When writing out the listing below, reproduce every word exactly and skip the pictures.

- [DATA SHOWN]
---*---
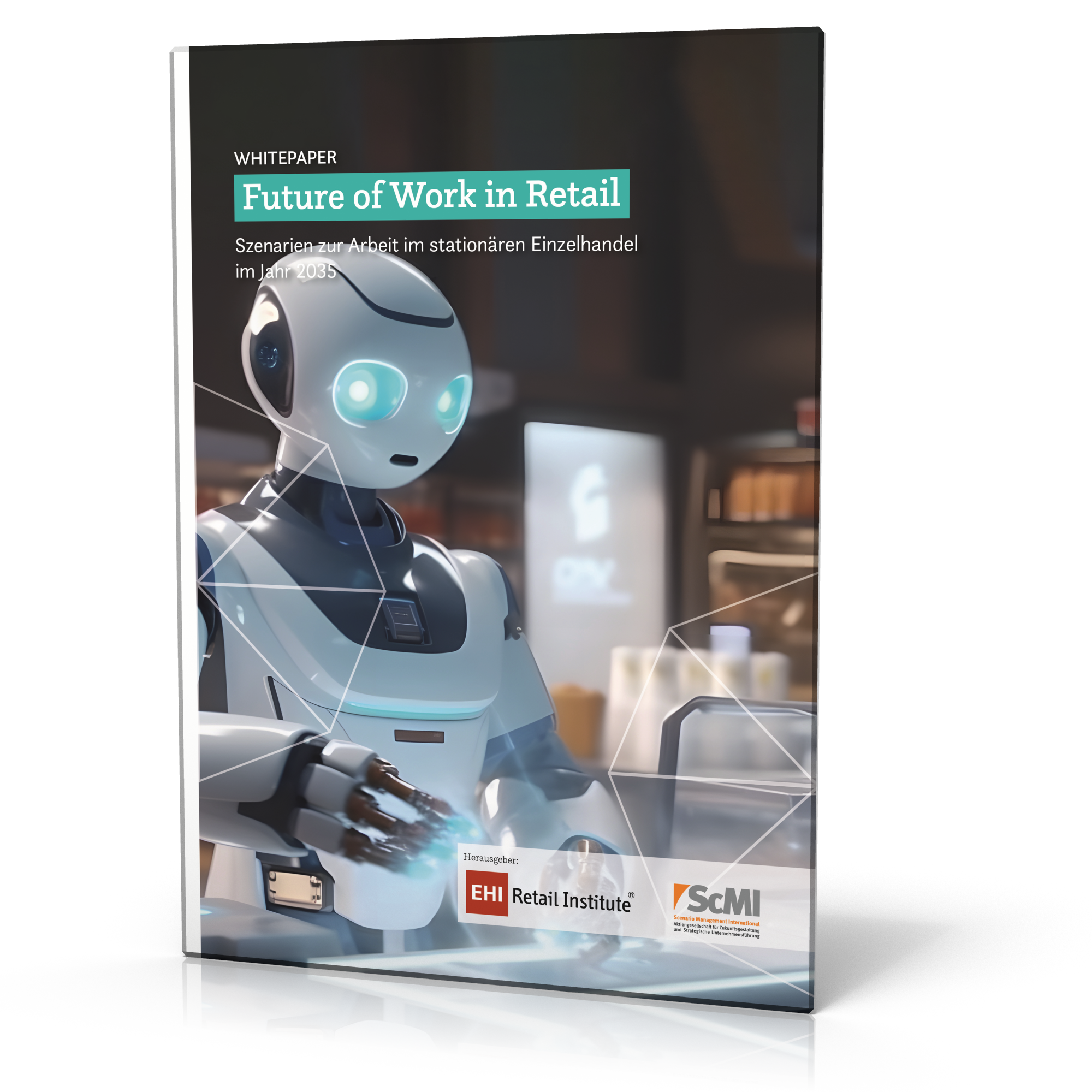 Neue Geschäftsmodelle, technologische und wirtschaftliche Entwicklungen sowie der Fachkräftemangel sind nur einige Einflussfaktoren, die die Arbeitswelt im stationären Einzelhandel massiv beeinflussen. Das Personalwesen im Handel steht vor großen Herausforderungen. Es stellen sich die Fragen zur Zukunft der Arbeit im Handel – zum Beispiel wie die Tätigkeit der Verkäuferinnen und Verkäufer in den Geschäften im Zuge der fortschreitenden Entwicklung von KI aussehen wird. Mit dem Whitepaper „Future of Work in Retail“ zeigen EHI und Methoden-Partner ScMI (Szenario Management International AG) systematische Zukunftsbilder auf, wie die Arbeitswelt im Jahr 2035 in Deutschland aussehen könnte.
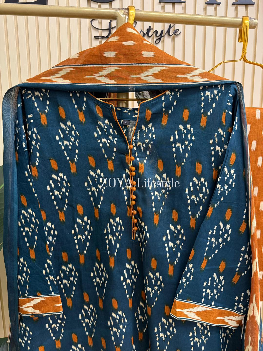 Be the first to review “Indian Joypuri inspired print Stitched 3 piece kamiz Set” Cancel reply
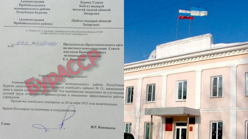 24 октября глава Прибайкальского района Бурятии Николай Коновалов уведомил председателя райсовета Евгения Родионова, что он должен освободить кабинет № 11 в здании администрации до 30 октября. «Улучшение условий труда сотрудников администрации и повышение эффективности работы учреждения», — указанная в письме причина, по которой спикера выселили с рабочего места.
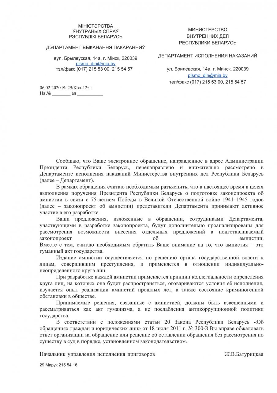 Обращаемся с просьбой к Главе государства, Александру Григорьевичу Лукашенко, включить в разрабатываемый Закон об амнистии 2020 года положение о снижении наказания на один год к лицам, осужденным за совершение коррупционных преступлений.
---*---
- [WRITTEN RESPONSE]
 Neue Geschäftsmodelle, technologische und wirtschaftliche Entwicklungen sowie der Fachkräftemangel sind nur einige Einflussfaktoren, die die Arbeitswelt im stationären Einzelhandel massiv beeinflussen. Das Personalwesen im Handel steht vor großen Herausforderungen. Es stellen sich die Fragen zur Zukunft der Arbeit im Handel – zum Beispiel wie die Tätigkeit der Verkäuferinnen und Verkäufer in den Geschäften im Zuge der fortschreitenden Entwicklung von KI aussehen wird. Mit dem Whitepaper „Future of Work in Retail“ zeigen EHI und Methoden-Partner ScMI (Szenario Management International AG) systematische Zukunftsbilder auf, wie die Arbeitswelt im Jahr 2035 in Deutschland aussehen könnte.
 Be the first to review “Indian Joypuri inspired print Stitched 3 piece kamiz Set” Cancel reply
 24 октября глава Прибайкальского района Бурятии Николай Коновалов уведомил председателя райсовета Евгения Родионова, что он должен освободить кабинет № 11 в здании администрации до 30 октября. «Улучшение условий труда сотрудников администрации и повышение эффективности работы учреждения», — указанная в письме причина, по которой спикера выселили с рабочего места.
 Обращаемся с просьбой к Главе государства, Александру Григорьевичу Лукашенко, включить в разрабатываемый Закон об амнистии 2020 года положение о снижении наказания на один год к лицам, осужденным за совершение коррупционных преступлений.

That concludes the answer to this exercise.